Target reshapes expectations, puts fresh grocery pickup on hold
As the COVID-19 crisis has evolved, Target has been experiencing unusually strong traffic and sales, particularly in its stores and same-day services, as guests use Target for essential items like food, medicine, cleaning products and pantry stock-up items. As a result, the company has adjusted the expected timing of some of its strategic initiatives to support the team and minimize potential disruptions in their work to serve the needs of American consumers.
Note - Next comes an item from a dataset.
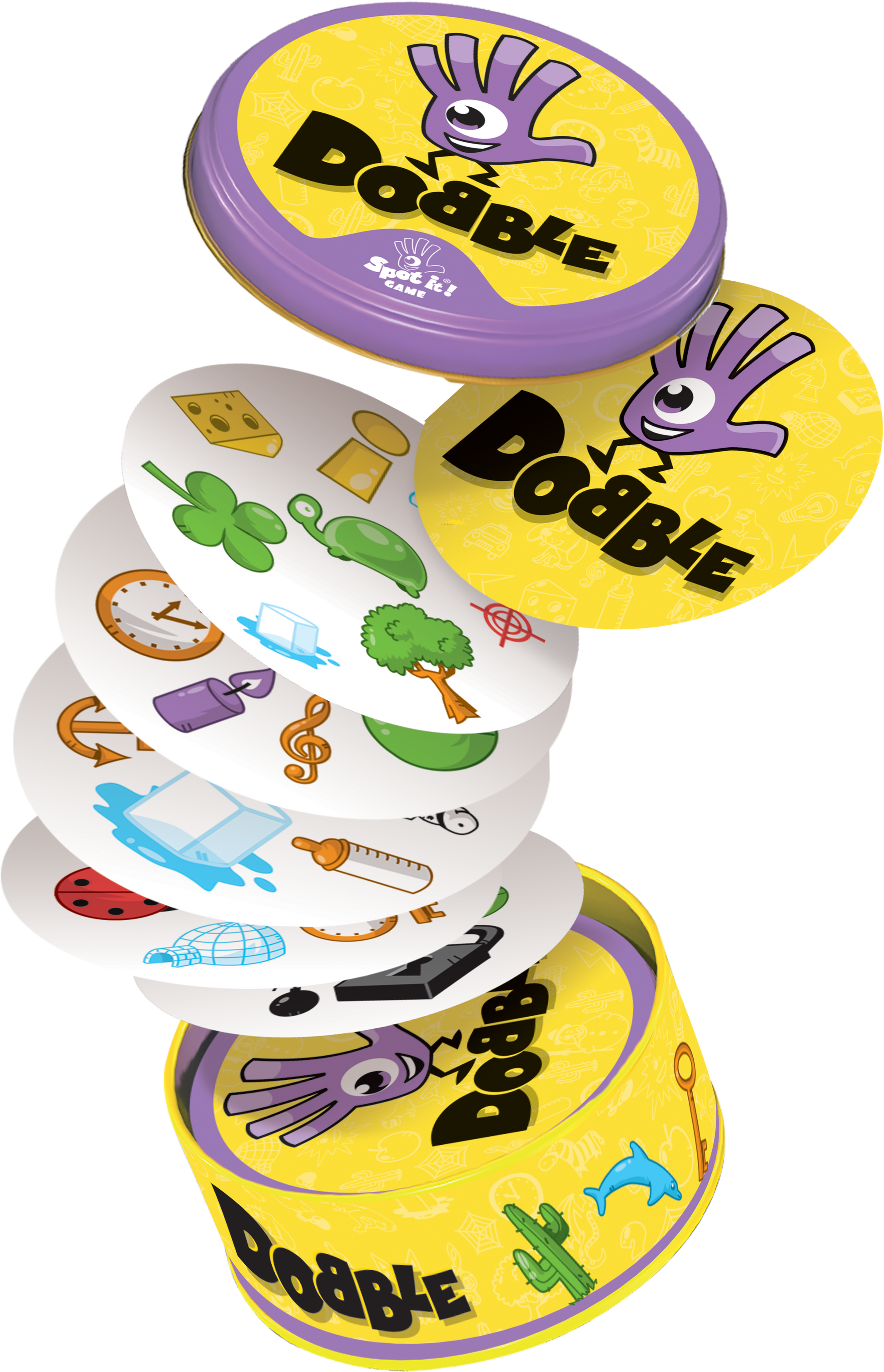 Dobble is a super fun card game for all ages. In this fast-paced game, players simultaneously try to find the one matching symbol between two different cards. Speed, observation, and reflexes are key to winning!

Updated plans for Target’s remodel program anticipate approximately 130 remodels in 2020, down from the previous expectation of approximately 300. This will allow remodel projects already under way to be completed, and move all other remodel projects into 2021. Similarly, the company now expects to open 15-20 new small format stores in 2020, rather than the 36 previously announced. This will allow projects already under way to be completed, but move the remaining new store projects into next year. In addition, the effort to incorporate fresh grocery and adult beverages into the company’s Drive Up and Order Pickup services is temporarily on hold.
“We are prioritizing the work that’s in front of us to support our team, store operations and supply chain as families across the country rely on Target for everything they need in this challenging environment. I want to thank our entire team for their efforts, which have been nothing short of heroic,” said Brian Cornell, chairman and CEO of Target. “Over the past few weeks we’ve experienced an unprecedented surge in traffic and sales, as guests rely on our stores and same-day services. Ensuring we can take care of our team and deliver for the millions of guests who are counting on us remains our top priority.”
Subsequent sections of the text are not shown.